Problem to solve —
Copy the data that follows exactly, and include none of its images.

Collected data —
((
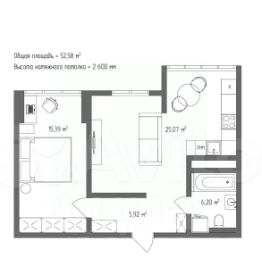общая площадь 52.58 м2
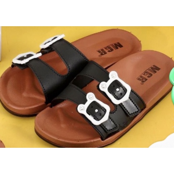 Sandal Slop Jelly Anak Remaja Cewek Cowok Ban 2 Gesper Ber Bear Putih Lucu Cantik Casual Keren Impor MGR Mokaya Balance (1709)/ Size 24-29
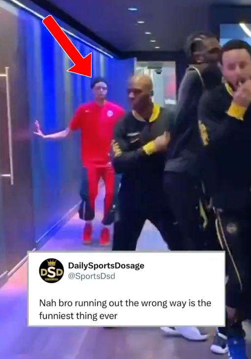 赛前还发生罕见一幕,勇士众将在更衣室通道中加油打气,结果勇士旧将罗林斯跑错了更衣室,看到前队友们,罗林斯十分困惑,然后扭头离开。
))
Exercise answer —
общая площадь 52.58 м2
 Sandal Slop Jelly Anak Remaja Cewek Cowok Ban 2 Gesper Ber Bear Putih Lucu Cantik Casual Keren Impor MGR Mokaya Balance (1709)/ Size 24-29
 赛前还发生罕见一幕,勇士众将在更衣室通道中加油打气,结果勇士旧将罗林斯跑错了更衣室,看到前队友们,罗林斯十分困惑,然后扭头离开。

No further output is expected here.